If your kids never got along while you are alive, what makes you think they will get along when your gone? The old maxim “The best predictor of future behavior is past behavior” should be closely considered by parents who want to maximize the likelihood of a conflict-free transfer of family assets to their children. The risk of future legal conflicts between sibling trust beneficiaries can be managed in estate planning.
Every long-term relationship, especially among siblings, will have a certain degree of conflict. Whose children never squabble and have arguments? It is a matter of degree, and for some brothers and sisters, it needs to be considered in estate planning. Between some siblings there is a seemingly incurable friction from an early age. These strained sibling relationships may persist into adulthood. Some brothers and sisters, when growing up, could hardly be left in the same room without a fight erupting. If these are your children, it’s a fair bet that there will be fights when your gone. You may have great kids, but they have been conditioned by the past. Plan your estate for sibling conflict avoidance.
If you are worried about a painful and expensive conflict erupting between your children, you can draft an estate plan, or modify and existing plan, in a way that minimizes the odds of a dispute over the family estate. Here are some tips worth considering:
- Avoid Unequal Distributions – Parents make unequal distributions to their children for a variety of reasons. It’s not uncommon for a parent to give a boot to the child who has not been as successful because of any number of reasons. This can cause a deep resentment in the children who feel they worked harder and achieved more. Also, some parents want to reward the “good” child who came to visit. This can motivate other siblings to challenge the disposition. Remember when the children unwrapped presents at Christmas. There is less to argue about when everyone gets the same value.
- The Risk of Sibling Caregivers – Commonly one child lives at home with the last surviving parent and provides care. Often, they have power of attorney over the parent’s finances. The compensation received by the caregiver must be carefully gauged in light of state law, particularly the law of fiduciaries. Gifts to the son or daughter caring for aged parent are presumed invalid in many states and may spawn a family dispute. Compensation given to caregiver sibling should be carefully gauged, reasonable, meticulously documented, and authorized by the trust agreement. It is also wise to disclose it to other siblings, so it does not come as a surprise and agitate other siblings after the parent’s passing.

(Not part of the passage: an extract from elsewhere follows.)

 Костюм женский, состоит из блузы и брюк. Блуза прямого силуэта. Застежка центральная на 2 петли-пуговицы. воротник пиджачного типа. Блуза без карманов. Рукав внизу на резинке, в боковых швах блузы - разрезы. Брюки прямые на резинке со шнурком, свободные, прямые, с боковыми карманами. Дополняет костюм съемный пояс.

- The Co-trustees Mistake – Don’t make the mistake of believing the sharing of power over the administration of the trust will help avoid conflict. The opposite is usually the case. When you choose who will be the successor trustee of the trust choose the person who is most capable of getting the job done according to the terms of the trust agreement. Successor trustees don’t have to be your children. In fact, in families with kids prone to fighting, it may be better to designate a trustee who is not a child if they are willing and able to do the job.

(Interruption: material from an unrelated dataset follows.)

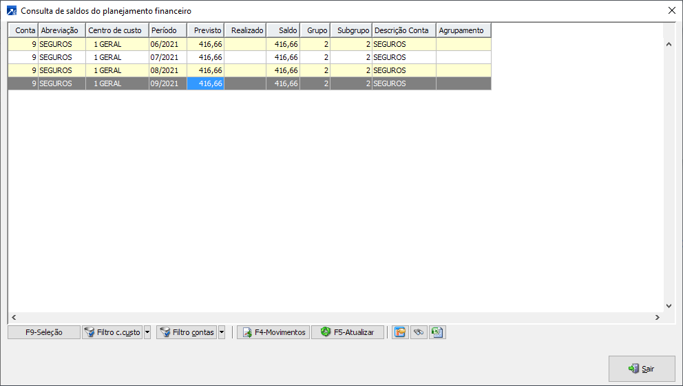 Neste exemplo, o lançamento de nota no mês 09/2021, será somado ao período 09/2021 os saldos dos períodos 06/2021, 07/2021 e 08/2021, considerando somente saldo positivo.

- Consider a Will – Probate court gets a bad rap because it is generally more expensive and time consuming than the administration of a trust. The benefit of probate, however, is a judge oversees the orderly distribution of your estate. You don’t get that kind of oversight with a trust. Siblings who are waiting for the distribution pursuant to a will know the administrator is acting under court order and has taken an oath to properly administer the estate. When a sibling trustee is administering a trust, the other siblings may become anxious and start questioning the trustees conduct, and possibly hire legal counsel to make a challenge.
- Use a Different Transfer Strategy – Maybe neither a will or trust are best for the transfer of your property to your quarrelling kids. Simple estates without real property may be able to pass without a will or trust. If cash is the only assets that would cause a probate, ask your bank if you can arrange for the transfer of your accounts on death. Real property can also be deeded upon death although it cannot be divided in the same manner as a bank account. Also, qualified retirement accounts and life insurance generally pass according to beneficiary designations. These other methods are probably not suitable for estates with real property or other assets that need to be sold before being divided. Talk to an estate planning lawyer about alternative succession methods to avoid an unwanted probate.
Name a Professional Successor Trustee to Administer Your Trust – If it makes sense from an economic perspective, designating a professional is one of the best moves a parent can make for their warring children. The trust agreement can designate a company that will act as trustee and distribute the assets to the children, or hold them in trust for the beneficiaries, as the trust agreement may instruct. Siblings often question or challenge the manner in which a child is administering the trust. A professional trustee is an excellent away to remove the risk of a sibling beneficiary challenges against a sibling trustee.
If your kids fight, you should discuss your estate plan with an attorney. Online trust kits cannot address the risk of beneficiary conflict. With some strategic planning, your children can receive their inheritances timely and peacefully.